Чем глубже и дальше на север и восток мы копали, тем больше глыб находили, хотя система их расположения, даже приблизительно, нам все еще не давалась. Профессора Дайера ужасал не поддающийся измерению возраст этих руин; Фриборн нашел полустертые символы, таинственно укладывающиеся в некие известные папуасские и полинезийские мифы безначальной древности. Состояние этих глыб и разметанность их по поверхности вопияли без слов о головокружительных оборотах времени и космическом буйстве земной коры.
При нас был аэроплан, и мой сын Уингейт часто поднимался на различную высоту и прочесывал пустынные пески и скалы, выискивая приметы полустертых, охватывающих большую территорию контуров — будь то разница в уровнях песка или тянущиеся цепочкой разрозненные глыбы. Результаты у него практически отсутствовали из-за бегучих, переносимых ветром песков: если он и думал, что приметил нечто знаменательное в неровностях почвы, то в следующий же вылет обнаруживал, что это впечатление сгладилось другим, столь же эфемерным.
Правда, раз-другой эти летучие намеки оказывали странное и неприятное воздействие на меня. Они на какой-то странный и страшный лад сочетались с чем-то, что я читал или видел во сне, но чего мне уже было не вспомнить. Их осеняла какая-то ужасающая привычность — и это почему-то заставляло меня, украдкой и боязливо, озирать отвратительную бесплодную местность.
Примерно к первым числам июля у меня развилась необъяснимая эмоциональная установка касательно всего северо-восточного района. Был страх и было любопытство, но, более того, была и стойкая, доводящая до исступления иллюзия воспоминания.

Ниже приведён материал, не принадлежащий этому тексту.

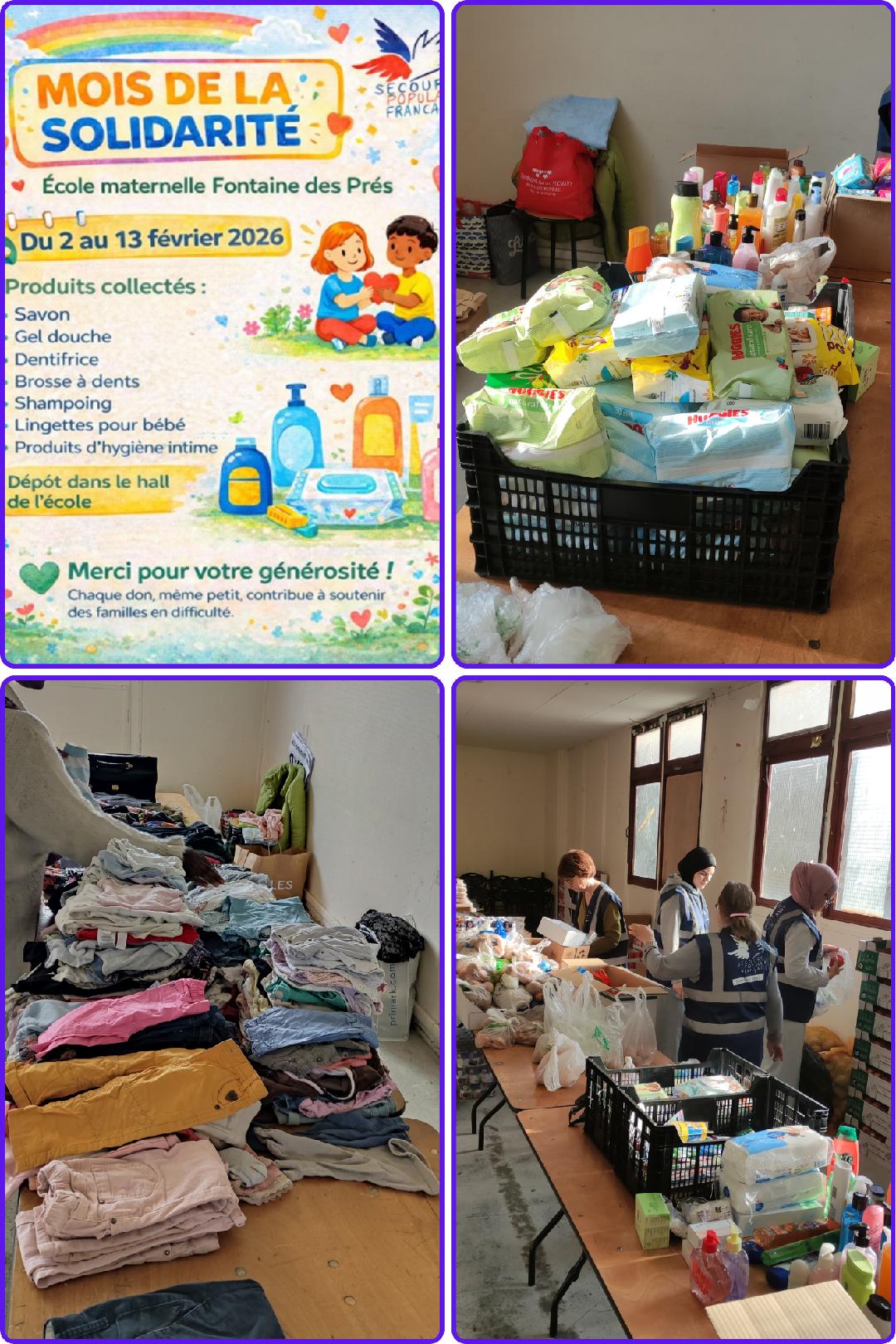 • Un immense merci au corps enseignant et aux enfants de la maternelle La Fontaine des Prés, qui ont collecté et déposé des produits d’hygiène au profit de notre comité. Cette initiative solidaire a apporté un vrai rayon de soleil aux bénéficiaires, pour qui ces produits sont essentiels au quotidien.
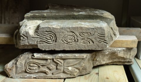 - Seitenwände von zwei aus Platten zusammengesetzten Aschenkisten: a) linke Wand, auf der Innenseite vertikaler Falz, auf der Stirnseite Ornament, Außenseite nicht sichtbar. b) auf der Stirnseite Ornament aus Blattkelchen, andere Seiten nicht sichtbar.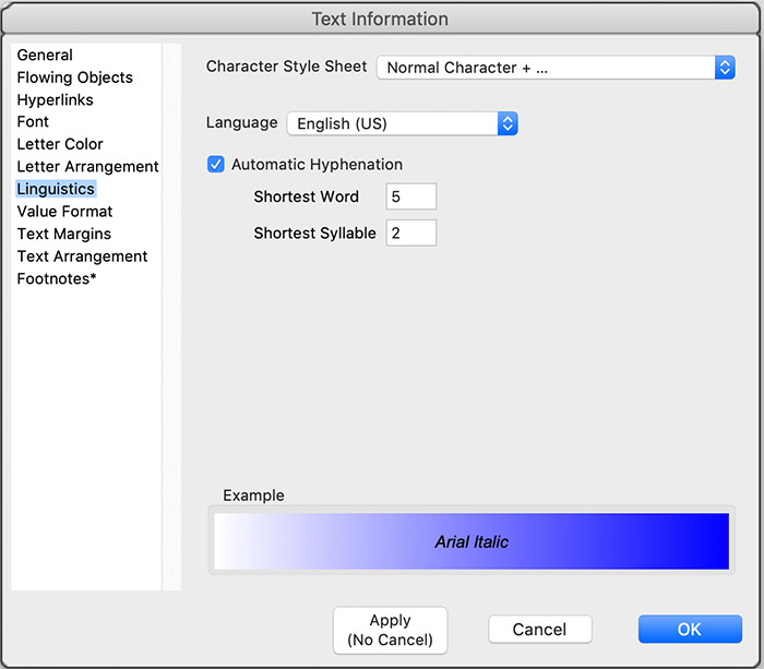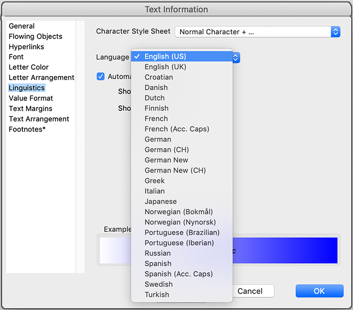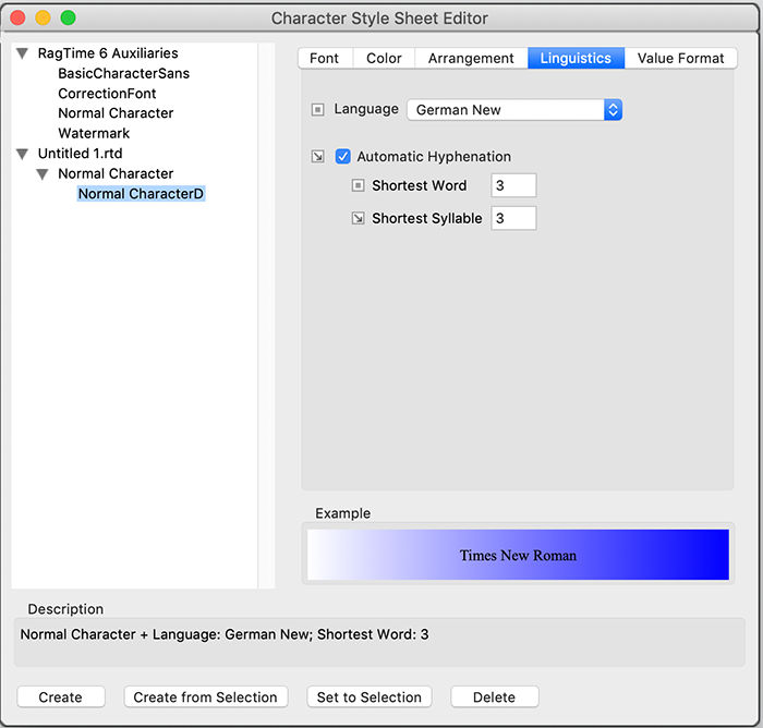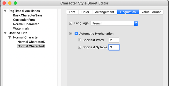 You can specify the conditions under which separations should be inserted in «Text ➝ Information ➝ Linguistics». In this panel (see Fig. 2.55), the hyphenation conditions for the automatic hyphenation can be set, or on the other hand, determine that no hyphenation should occur at all. With RagTime, however, you can influence hyphenations much more specifically: In the panel «Character Style Sheet Editor ➝ Linguistics», an inherited style sheet with a different linguistics can be created for each character style sheet. This means that in a single text, several dictionaries can be queried. Specifically: You assign to the English, French, or other language text parts in your text each an own, inherited character style sheet with the corresponding linguistics (see Fig. 2.53 to Fig. 2.56). Of course, you can also set for each font and language whether you want to suppress hyphenation in general (if «Automatic Hyphenation» is not selected). Under «Format ➝ Language», you can simply check which language or which dictionary is currently being used.

Я прибегал ко всевозможным психологическим уловкам, чтобы прогнать от себя эти выдумки, в чем так и не преуспел. Бессонница забирала все большую власть надо мной, но я почти готов был ее приветствовать как сокращение цикла сна, приходящегося на сновидения. Я приобрел привычку к долгим одиноким прогулкам по пустыне поздними вечерами — обычно на север или северо-восток, куда меня, казалось, неуловимо подталкивало единство моих новых, странных побуждений.
Во время этих прогулок я иногда спотыкался о полупогребенные песком обломки древней каменной кладки. Хотя на первый взгляд глыб здесь было меньше, чем там, откуда мы начали, я с уверенностью чувствовал, что под песком их должно быть великое множество. Поверхность здесь была не такой ровной, как вокруг нашего лагеря, и неутихающие сильные ветры наметали песок фантастическими, недолговечными холмами, обнажая одни низлежащие следы древних камней и одновременно скрывая другие.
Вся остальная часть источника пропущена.